*Problem details*: Please copy out the entries exactly, skipping any pictures.

(Data records)
***

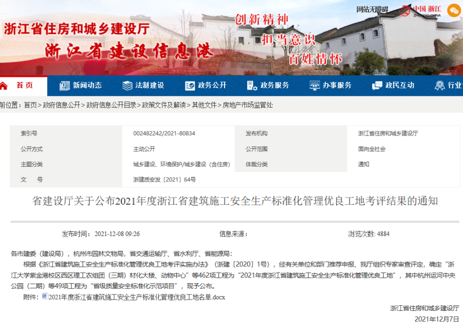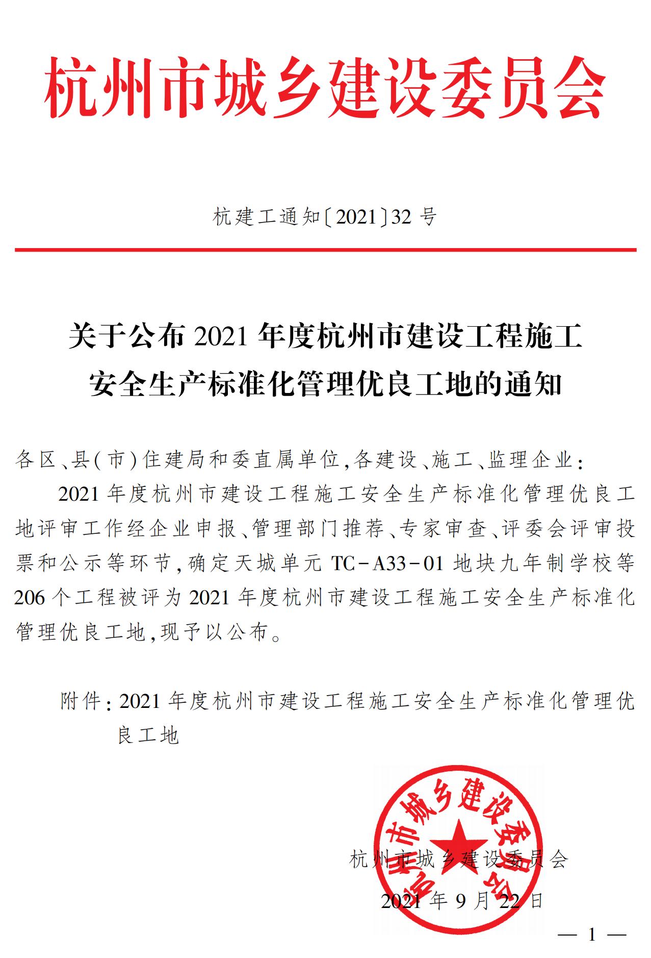 顾扬路(平炼路康桥路)工程——荣获2021年度浙江省建筑施工安全生产标准化管理优良工地
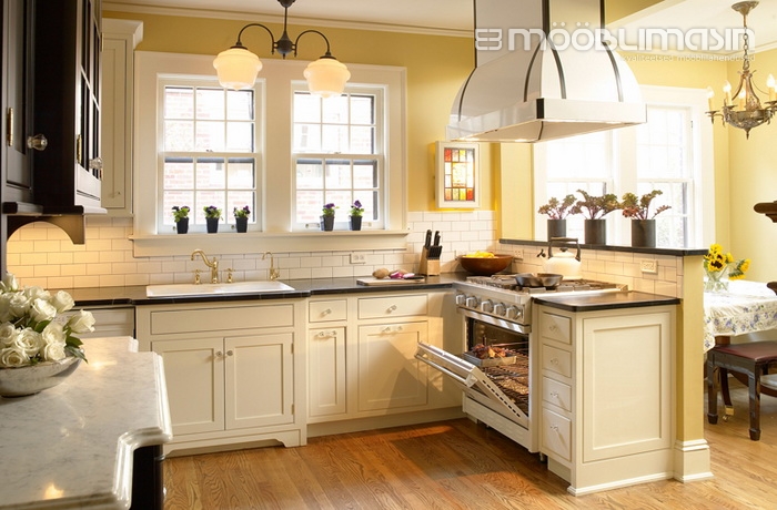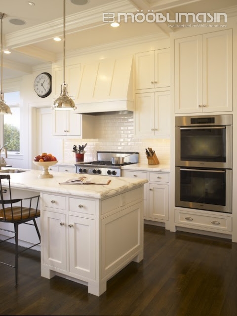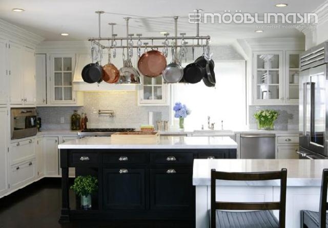 7. Neutraalsed toonid. Klassikaline köögimööbel ei pea alati olema täiesti valget värvi. See köögistiil lubab kasutada ka peitsitud või värvitud esipaneele. Ja isegi kui “valge” mööbel on toonitud, siis lihtne ukse stiil (puhta ja peene joonega raam) sobitub kenasti klassikalise stiili üldmuljega. Must ja valge on ajatuim kombinatsioon. Köögis, kus on selle värvikombinatsiooniga liigselt mängitud, võib tulemus muutuda modernseks, nt on köögisaar musta värvi ja kasutatud tumedaid seinaplaate valge vuugiga.
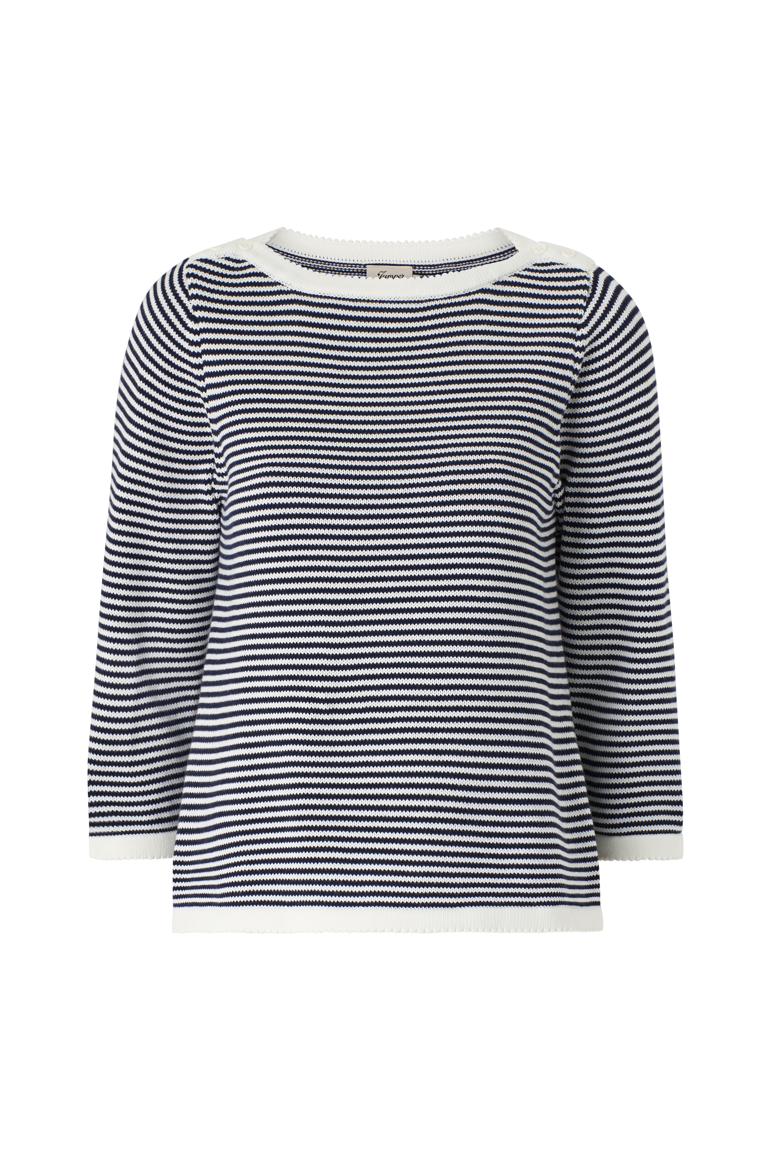 • Stickad, randig tröja i bomull• Rak passform• Rund halsringning• Dekorknappar på axlarna• 3/4-långa ärmar
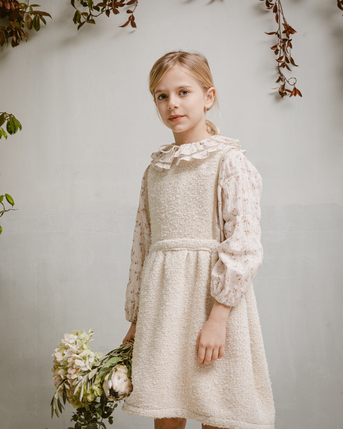 Pinafore dress in tweed fabric with a touch of gold lurex. Contrasting gold ribbon detail on the chest. Elastic waist on the sides to adjust the dress. Opening in the back in a teardrop shape with a button. Lined in 100% Cotton. Made in Spain.
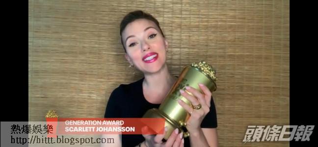 至於電影方面,「黑寡婦」史嘉莉祖安遜(Scarlett Johansson)獲頒「時代獎」,她透過視像發表得獎感言時,感謝大家的支持,讓她可幸運地在事業上打拚;其間,史嘉莉更被諧星丈夫Colin Jost潑綠色鬼口水,令她嬲到當場爆粗!Colin稱是MTV頒獎禮,所以要淋鬼口水,史嘉莉則糾正是Nickelodeon頻道舉辦的《Kids' Choice頒獎禮》才有鬼口水,場面搞笑!
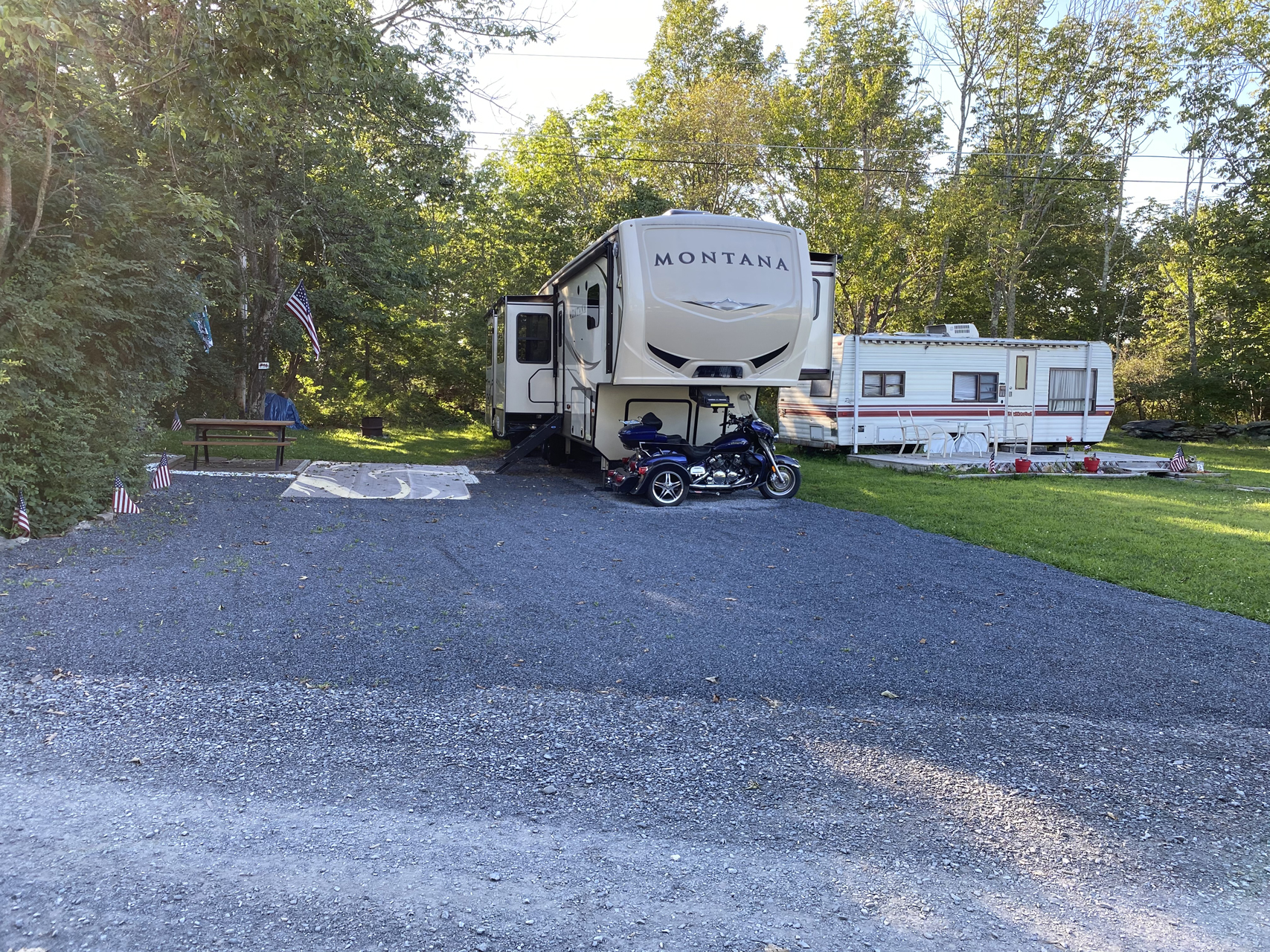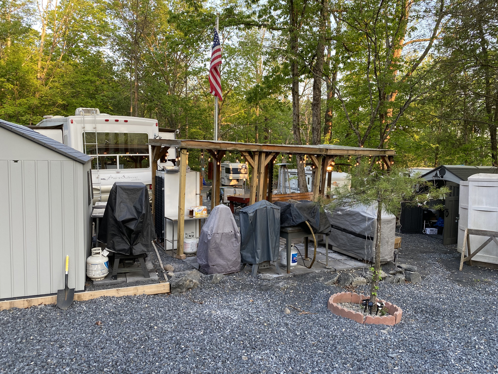 So, the answer is the Seasonal Site. For a huge discount, you park your camper in a campground from April to November and perhaps, even the alternate part of the year, if your campground offers winter camping. There is something nice about leaving work, and within the hour there are steaks coming off your permanent grill, a beer in your hand, a fire in your fireplace. You look around, and all you need is your own back yard.
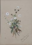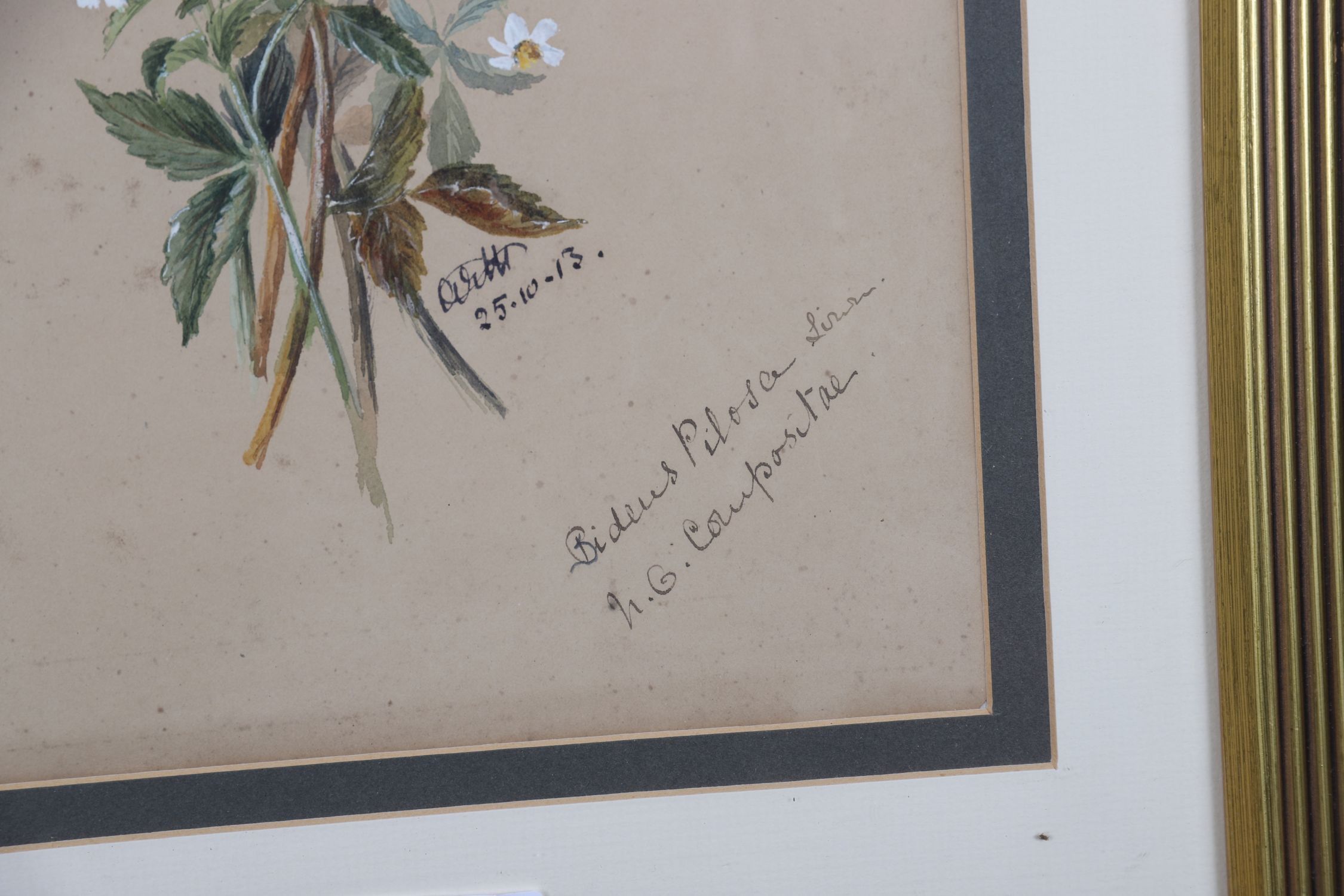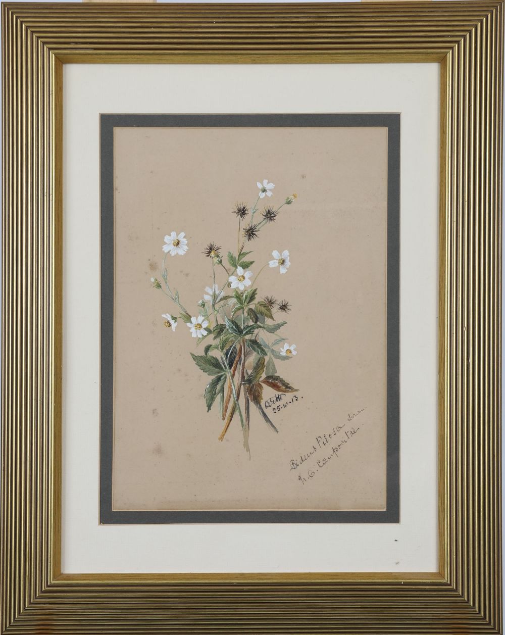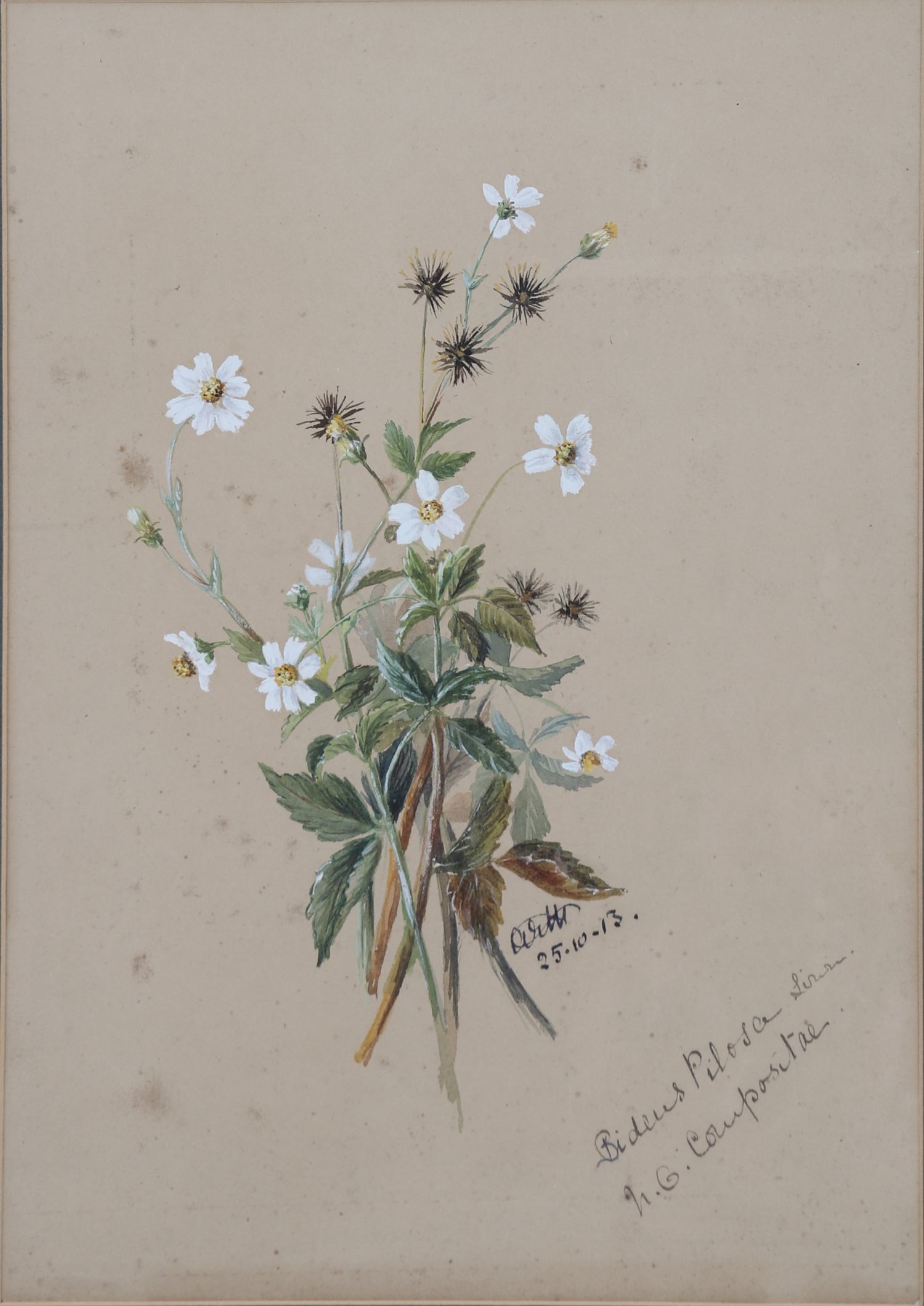 A delicate watercolour study of wildflowers, inscribed “Bidens Pilosa Linn. N.C. Compositae” and signed/dated 25.10.13 lower left. Presented in a gilt frame. Watercolour.
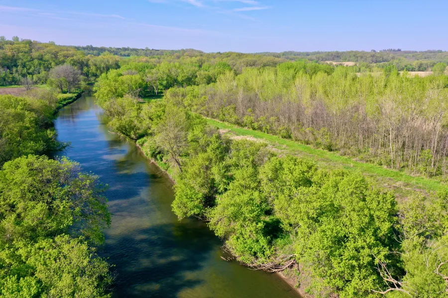 Stroll through beautiful native prairie grasses, admire the healthy grove of young walnut trees, or take in the sounds of the river nearby. The land is dotted with wildlife habitat areasincluding year-round waterholes that attract deer, turkey, pheasant, and waterfowlmaking this spot ideal for both quiet enjoyment and seasonal hunting.

***

*Written solution*:
 顾扬路(平炼路康桥路)工程——荣获2021年度浙江省建筑施工安全生产标准化管理优良工地
 7. Neutraalsed toonid. Klassikaline köögimööbel ei pea alati olema täiesti valget värvi. See köögistiil lubab kasutada ka peitsitud või värvitud esipaneele. Ja isegi kui “valge” mööbel on toonitud, siis lihtne ukse stiil (puhta ja peene joonega raam) sobitub kenasti klassikalise stiili üldmuljega. Must ja valge on ajatuim kombinatsioon. Köögis, kus on selle värvikombinatsiooniga liigselt mängitud, võib tulemus muutuda modernseks, nt on köögisaar musta värvi ja kasutatud tumedaid seinaplaate valge vuugiga.
 • Stickad, randig tröja i bomull• Rak passform• Rund halsringning• Dekorknappar på axlarna• 3/4-långa ärmar
 Pinafore dress in tweed fabric with a touch of gold lurex. Contrasting gold ribbon detail on the chest. Elastic waist on the sides to adjust the dress. Opening in the back in a teardrop shape with a button. Lined in 100% Cotton. Made in Spain.
 至於電影方面,「黑寡婦」史嘉莉祖安遜(Scarlett Johansson)獲頒「時代獎」,她透過視像發表得獎感言時,感謝大家的支持,讓她可幸運地在事業上打拚;其間,史嘉莉更被諧星丈夫Colin Jost潑綠色鬼口水,令她嬲到當場爆粗!Colin稱是MTV頒獎禮,所以要淋鬼口水,史嘉莉則糾正是Nickelodeon頻道舉辦的《Kids' Choice頒獎禮》才有鬼口水,場面搞笑!
 So, the answer is the Seasonal Site. For a huge discount, you park your camper in a campground from April to November and perhaps, even the alternate part of the year, if your campground offers winter camping. There is something nice about leaving work, and within the hour there are steaks coming off your permanent grill, a beer in your hand, a fire in your fireplace. You look around, and all you need is your own back yard.
 A delicate watercolour study of wildflowers, inscribed “Bidens Pilosa Linn. N.C. Compositae” and signed/dated 25.10.13 lower left. Presented in a gilt frame. Watercolour.
 Stroll through beautiful native prairie grasses, admire the healthy grove of young walnut trees, or take in the sounds of the river nearby. The land is dotted with wildlife habitat areasincluding year-round waterholes that attract deer, turkey, pheasant, and waterfowlmaking this spot ideal for both quiet enjoyment and seasonal hunting.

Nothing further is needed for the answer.